KD: I’m really interested in that thing that you said, about in the past things just petered out, even SHARE’s best-intended projects. We had some success, and then other priorities took over. Those improvement projects didn’t have -- I forgot your exact words -- but they didn’t have what it takes to see it through to the end, not in a way that improved the hospital as a whole. You still sound, in spite of that, optimistic, that this round negotiations is turning out some different kind of outcome, that isn’t going to fizzle. You sound optimistic in spite of your experience. Obviously we don’t know yet. What makes you feel like this could actually bring more more effective outcomes than we’ve had before?

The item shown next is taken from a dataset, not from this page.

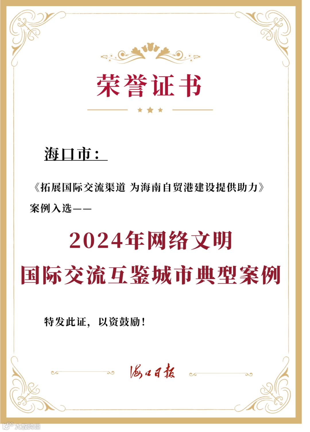 8月29日,在2024年中国网络文明大会网络文明国际交流互鉴分论坛上,“2024年网络文明国际交流互鉴城市典型案例征集活动”成果正式发布,50个典型案例脱颖而出。其中,海南省海口市《拓展国际交流渠道 为海南自贸港建设提供助力》案例成功入选。
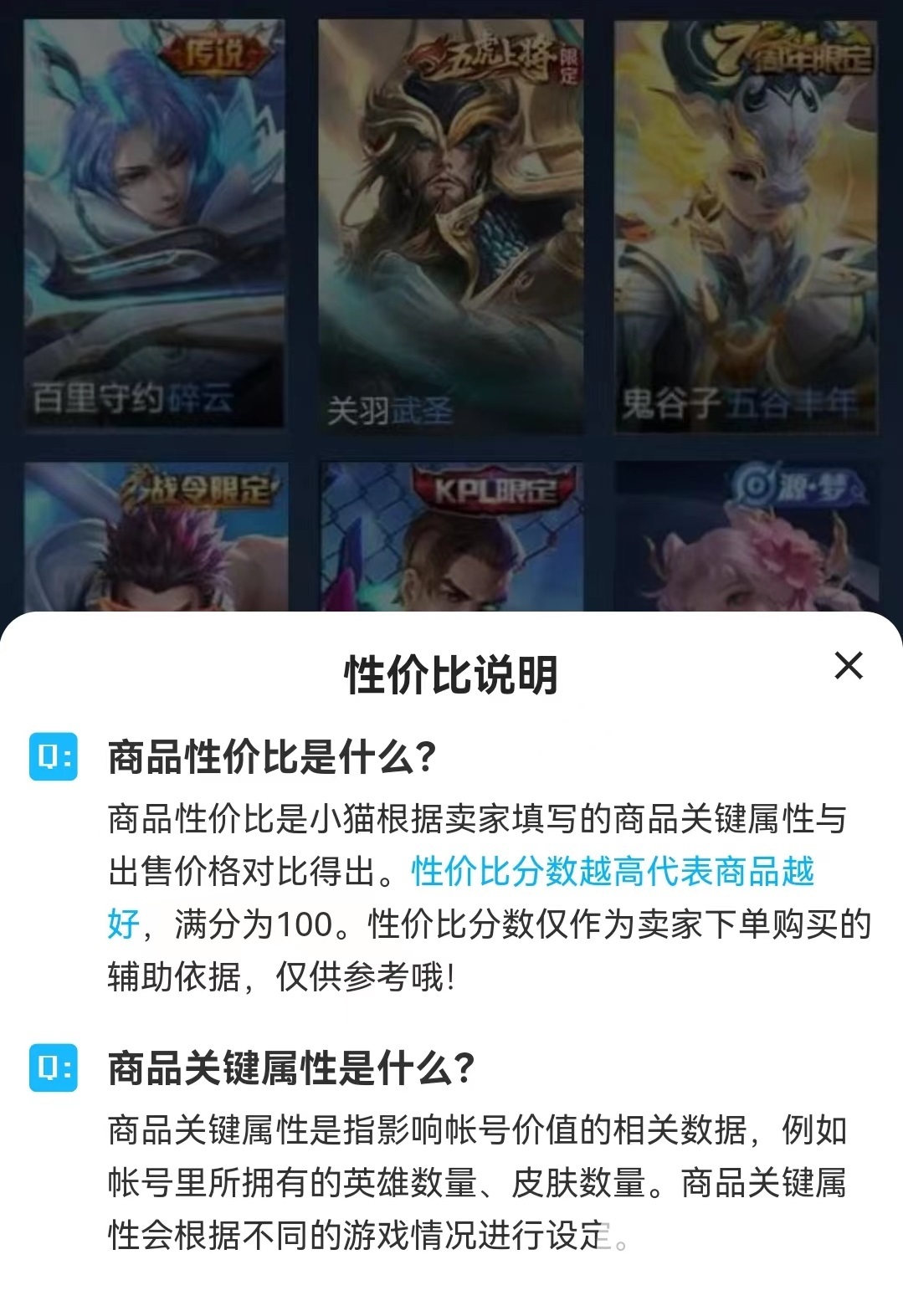 王者荣耀是一款非常公平的竞技游戏,玩家在战斗中主要依靠不同英雄技能以及出装和临场操作团队配合等赢得对战胜利。获得更好的视觉效果,为每一个英雄都推出了一系列皮肤,其中很多是绝版类型,只有特定的节日活动下才能获得,还有一些需要投入大量经济才能得到这些,在出售的时候都需要估算成价格,如果对这一方面不是很熟悉,小编推荐大家去交易猫游戏账号交易平台估价,这里估值非常准确,而且出售也很方便。

DC: Because this time around I have, and I’m depending on this, the words of people like Bart Metzger and Eric Dickson, that we have their full support to make sure that these things happen. They are committed to doing it. Committed to helping us. They’re committed to being a part. If we have questions, and we need to talk to them, speak to them, they’re committed to helping us make this be a success, so it’s the best support we’ve ever had. We’re not out there on our own, we have the words of these people, of the higher-ups at UMass, that they’re there to support us.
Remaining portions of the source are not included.